“You aren’t gonna need it” (acronym: YAGNI) is a principle of extreme programming (XP) that states a programmer should not add functionality until deemed necessary.
XP co-founder Ron Jeffries has written: “Always implement things when you actually need them, never when you just foresee that you need them.”
This is the most misinterpreted and hence awful, hazardous, and detrimental principle ever stated in the Book of the Wrong Advises for Developers.

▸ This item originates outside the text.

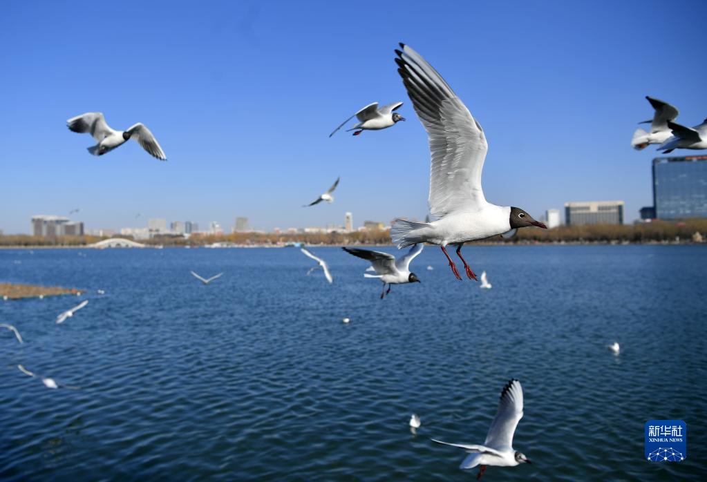 近日,隨著(zhù)天氣逐漸轉暖,寧夏銀川市海寶公園迎來(lái)大批紅嘴鷗、遺鷗等候鳥(niǎo)。

As far as I can tell, originally it meant “Don’t install a fifth wheel on your car unless you are participating the 5-wheeled-cars-rally.” Nowadays it’s widely used as an excuse to reject doing their job from the lazy and arrogant developers. I rarely agree with Martin Fowler, but this is a brilliant wording explaining the issue:
Yagni only applies to capabilities built into the software to support a presumptive feature, it does not apply to effort to make the software easier to modify.
This principle works well when a Smart Senior Developer does a code review for an ambitious young Junior, who wants to conquer the world with their first PR. Being given a task to implement a flag in the user profile, denoting whether the user is active or not, Juniors often tend to invent a whole General Purpose Flag Subsystem. With an embedded LISP implementation for easy DSL, running in the cloud as an independent microservice, written in Lua to make it possible to launch it as Nginx plugin.

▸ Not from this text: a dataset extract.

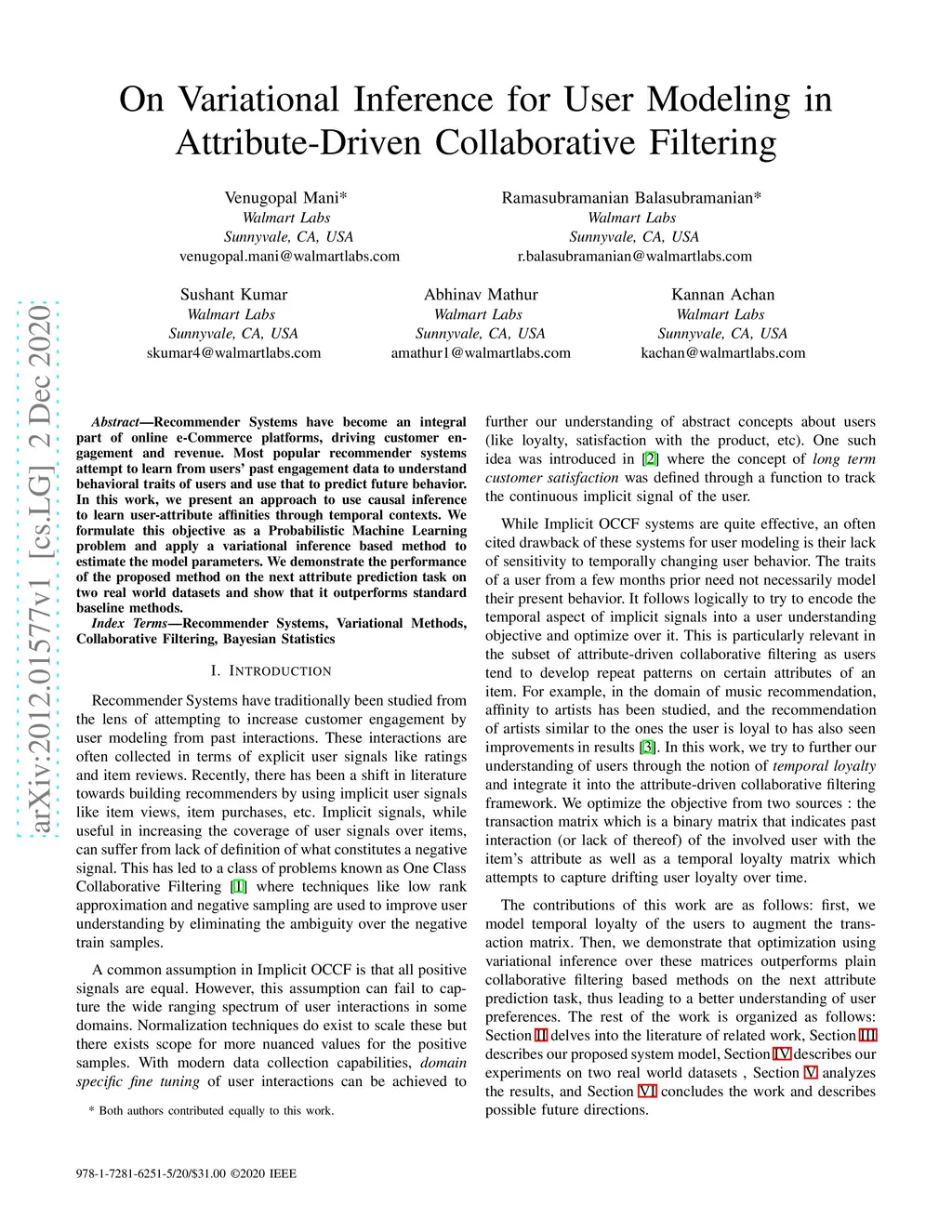 Recommender Systems have become an integral part of online e-Commerce platforms, driving customer engagement and revenue. Most popular recommender systems attempt to learn from users' past engagement data to understand behavioral traits of users and use that to predict future behavior. In this work, we present an approach to use causal inference to learn user-attribute affinities through temporal contexts. We formulate this objective as a Probabilistic Machine Learning problem and apply a variational inference based method to estimate the model parameters. We demonstrate the performance of the proposed method on the next attribute prediction task on two real world datasets and show that it outperforms standard baseline methods.

In that particular case YAGNI multiplied by the authority of this Smart Senior does the trick: the flag remains the boolean column in the database, the task is delivered in time (meaning, in this century, as an opposite to what was proposed by the proactive Junior) and everybody (including the business) is happy.

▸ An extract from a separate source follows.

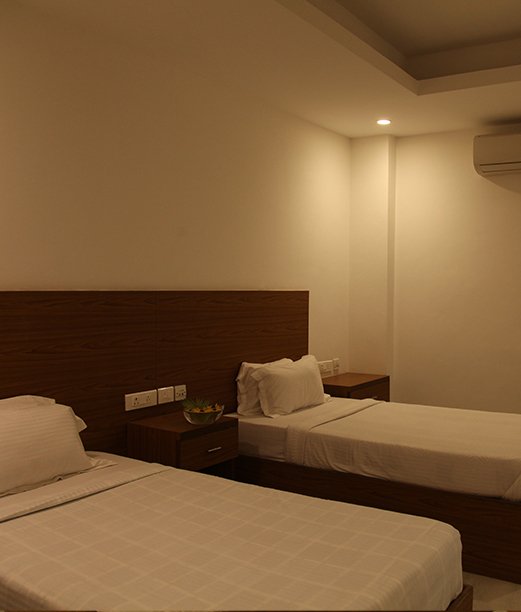 Our Wellness Deluxe Rooms set the benchmark for holistic wellness. Thoughtfully designed, these rooms combine modern comforts with a peaceful ambiance, featuring mindful architecture that nurtures the mind, body, and soul, creating the ideal environment for healing. In this tranquil space, you can relax, immerse yourself in wellness, and prepare to embrace the transformative power of Ayurveda knowledge and treatments.

Truth is mighty and will prevail. There is nothing wrong with this, except that it ain’t so.
Mark Twain
That’s the thing. Even a kitchen knife might be used to kill people, and this YAGNI concept is a perfect example of such a menace. It’s a great excuse to reject nearly any CR suggestions: “this already works, yagn anything else, period.” Unfortunately, in my experience 9 out of 10 times, I accepted YAGNI argument, it resulted in me implementing the stuff we were not going to need. Usually it happens in a month, sometimes—tomorrow. In some cases, it was not only implementing what I suggested, but completely rewriting the whole code piece, because that YAGNI implies unmaintainable, not ready for extensions code.
In 1930s Pepsi-Cola launched 12oz bottles fighting Coca-Cola’s domination. Coca-Cola responded with YAGNI and lost 30% of the market.
In 1970s Toyota, Nissan, Mitsubishi and smaller Japanese companies made a bid on low fuel consumption. ‘YAGNI,’ responded American autoconcern and lost nearly half of the market in the next decade.
Nowadays every single YAGNI used as an excuse for unwillingness to accomplish the task considering all the consequences, results in 10× times to recover from the YAGNI-code. Which is nearly always unmaintainable, error-prone and not ready for any subsequent changes. The rule of thumb would be:
While in code review, the reviewer might use YAGNI to prevent a waste of time on unwanted and/or unexpected features. The code owner has no right to use YAGNI as an argument to proof their delusion and/or reluctance to make the code friendly to future changes.
That simple, thus it works.
And, the last but not the least: never, never excuse yourself with YAGNI. There are usually many people all around: team leader, project manager, product manager, CTO, CEO, your spouse whining about you spend too little time with them, to prevent you from doing a redundant stuff. There are many, many colleagues, who will tell you ‘YAGNI’ when needed. But as soon as you have caught yourself choosing the easiest path because of YAGNI, find the strength in yourself to resist. Unless you are going to qualify as Development Evangelist and Coach in Silicon Valley next year, of course. There works any garbage.